An error rises through a series of layers. Each layer has exactly one job.

Layer Role What it does with errors
5 — CLI entry points pipelex / pipelex-agent commands Catch, format for human (Rich) / agent (JSON·MD) / HTTP
4 — CLI factories cli_factory.py, agent_cli_factory.py Catch setup errors, route to handlers
3 — Pipeline runner PipelexRunner.execute_pipeline() Catch + wrap as PipelineExecutionError
2 — Pipe router / operators PipeRouter, pipe operators Catch + wrap with pipe context (pipe_code, pipe_stack)
1 — Workers / SDK calls pipelex/plugins/*/ Catch the SDK exception → classify → raise CogtError
0 — Third-party SDKs OpenAI, Anthropic, Google, … Raise raw, untyped provider exceptions

Classification happens once, at Layer 1. Layers 2–5 are wrappers: they attach context as they catch and re-raise, but the error_category, error_domain, model, and provider set at Layer 1 reach Layer 5 unchanged (see Cause-Chain Enrichment).


ErrorReport — the Serialization Schema

ErrorReport (pipelex/base_exceptions.py) is the single source of truth for error serialization. It is a frozen Pydantic dataclass with extra="forbid".

Field Type Meaning
error_type str The exception class name
message str Human-readable message
error_category str \| None InferenceErrorCategory value (inference errors only)
error_domain str \| None ErrorDomain value — input / config / runtime
retryable bool \| None Whether a retry could succeed
user_action UserAction \| None Typed advice — kind + free-form detail
model str \| None Model handle, when the failure is attributable to one
provider str \| None Backend name, when attributable
provider_metadata ProviderErrorMetadata \| None SDK metadata — status code, request id, retry_after

PipelexError.to_error_report() is the entry point. to_dict() serializes, dropping None fields; from_dict() is its strict inverse.
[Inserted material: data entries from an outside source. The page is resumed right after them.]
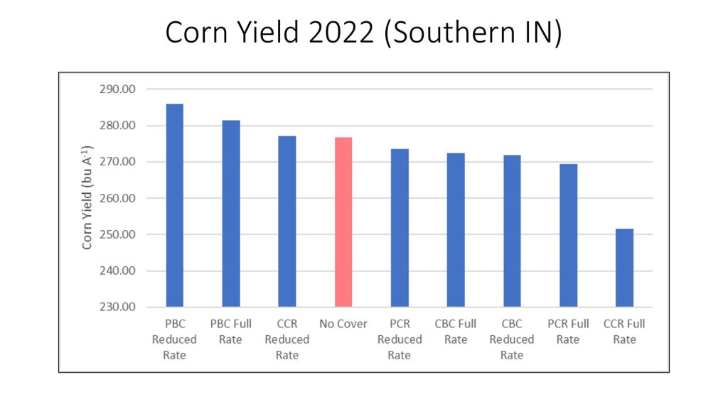 In the 2022 trial, both conventionally and precision planted Balansa clover, at a reduced seeding rate (2.5 lbs. per acre), yielded 250 bushels with only 150 lbs. of synthetic N per acre added. (Figure 3) FIXatioN Balansa Clover allows farmers to achieve competitive yields with less applied nitrogen per acre, compared to the 200-300 lbs. needed for a non-cover crop or cereal rye. Including the cost of FIXatioN Balansa Clover seed and termination management, this reduction in synthetic fertilizer can increase profits by $20-70 per acre.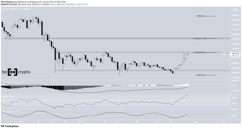 После отскока 26 июля биткоин снова пытается пробить область сопротивления $40 550. Ожидается, что, несмотря на сигналы краткосрочного ослабления BTC, в конечном итоге ему это удастся.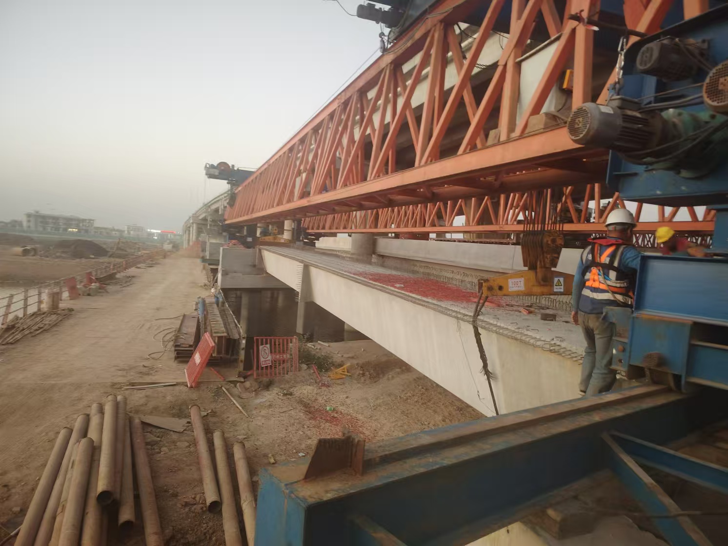 1.步履式架桥机起整机可携边梁一次横移到位,不仅安全可靠且简单快捷;架桥机的主梁及主要的联接结构都采用销轴连接,不但牢固可靠,拼装、拆卸尤为快捷(打一个钢销仅需几分钟),为工程的进度减少了不少时间。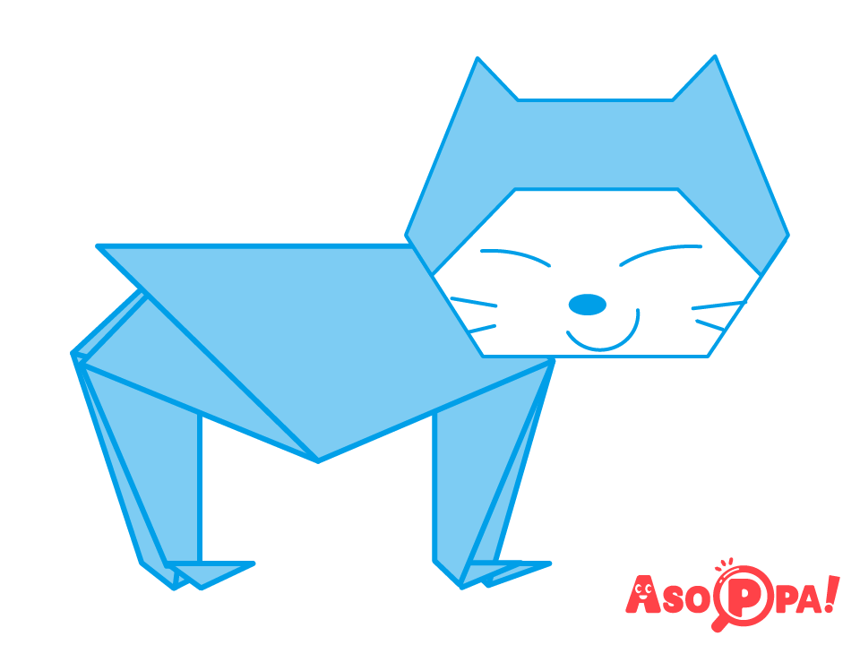 どうぶつの顔だけの折り紙と組み合わせよう。どうぶつのからだの折り方

report = exc.to_error_report()
report.to_dict()         # {"error_type": "LLMCompletionError", "message": "...", ...}
ErrorReport.from_dict(d) # strict inverse — raises ValidationError on a malformed dict
report.http_status       # 422 / 429 / 500 — for HTTP adapters

ErrorReport is extra="forbid"

from_dict() rejects unknown keys. When recovering a report across a version boundary (e.g. a Temporal payload from a newer worker), trim to known fields before calling from_dict()recover_error_report() does exactly this.


Classification Enums

Two StrEnums drive every downstream decision.

InferenceErrorCategory

Defined in pipelex/cogt/exceptions.py. Drives retry decisions — is_retryable is True only for TRANSIENT.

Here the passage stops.